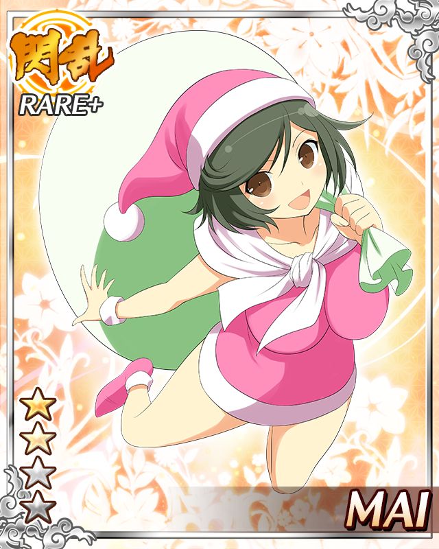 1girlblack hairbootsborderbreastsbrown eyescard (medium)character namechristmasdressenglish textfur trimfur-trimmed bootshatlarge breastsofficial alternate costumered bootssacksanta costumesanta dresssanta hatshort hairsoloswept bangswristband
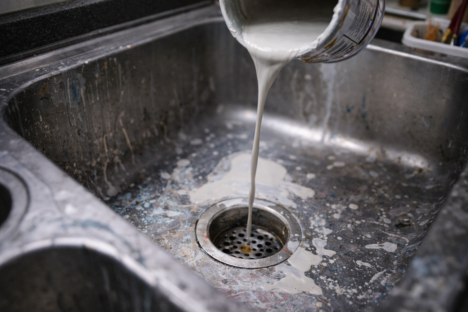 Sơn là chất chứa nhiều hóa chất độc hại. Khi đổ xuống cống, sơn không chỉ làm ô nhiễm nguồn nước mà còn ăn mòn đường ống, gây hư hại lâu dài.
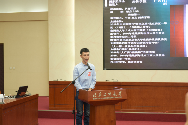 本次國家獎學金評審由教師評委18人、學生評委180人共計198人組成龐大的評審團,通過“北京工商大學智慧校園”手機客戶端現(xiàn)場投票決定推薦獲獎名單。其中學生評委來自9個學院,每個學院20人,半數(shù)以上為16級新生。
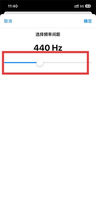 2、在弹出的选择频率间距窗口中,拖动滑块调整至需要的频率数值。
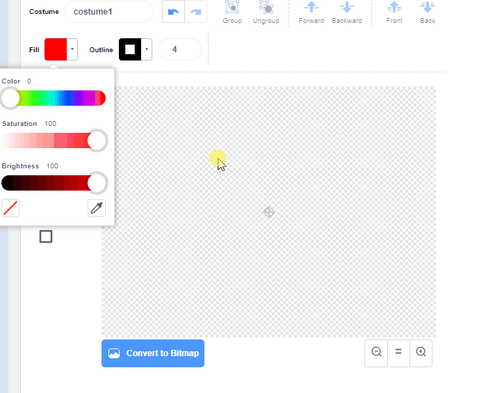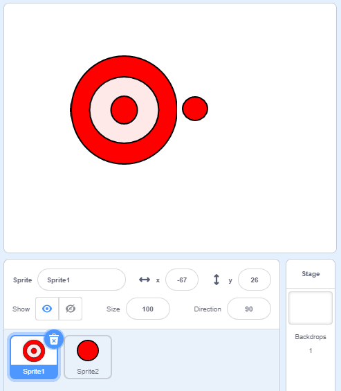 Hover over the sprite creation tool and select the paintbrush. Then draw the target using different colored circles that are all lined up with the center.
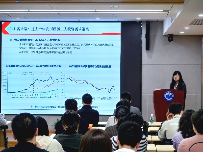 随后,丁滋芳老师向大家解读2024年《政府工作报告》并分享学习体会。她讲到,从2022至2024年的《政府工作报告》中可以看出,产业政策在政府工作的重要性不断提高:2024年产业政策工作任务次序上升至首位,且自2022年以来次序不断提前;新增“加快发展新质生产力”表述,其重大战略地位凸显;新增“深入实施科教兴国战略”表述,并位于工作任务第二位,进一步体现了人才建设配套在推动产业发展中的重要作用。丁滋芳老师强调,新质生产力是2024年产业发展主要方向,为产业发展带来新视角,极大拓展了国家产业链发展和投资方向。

*Task to complete*. Among the entries above, find the line with "本次國家獎學金評審由教師評委" and repeat exactly from there through the line with "Hover over the", leaving out the pictures.

*Finished task*.
 本次國家獎學金評審由教師評委18人、學生評委180人共計198人組成龐大的評審團,通過“北京工商大學智慧校園”手機客戶端現(xiàn)場投票決定推薦獲獎名單。其中學生評委來自9個學院,每個學院20人,半數(shù)以上為16級新生。
 2、在弹出的选择频率间距窗口中,拖动滑块调整至需要的频率数值。
 Hover over the sprite creation tool and select the paintbrush. Then draw the target using different colored circles that are all lined up with the center.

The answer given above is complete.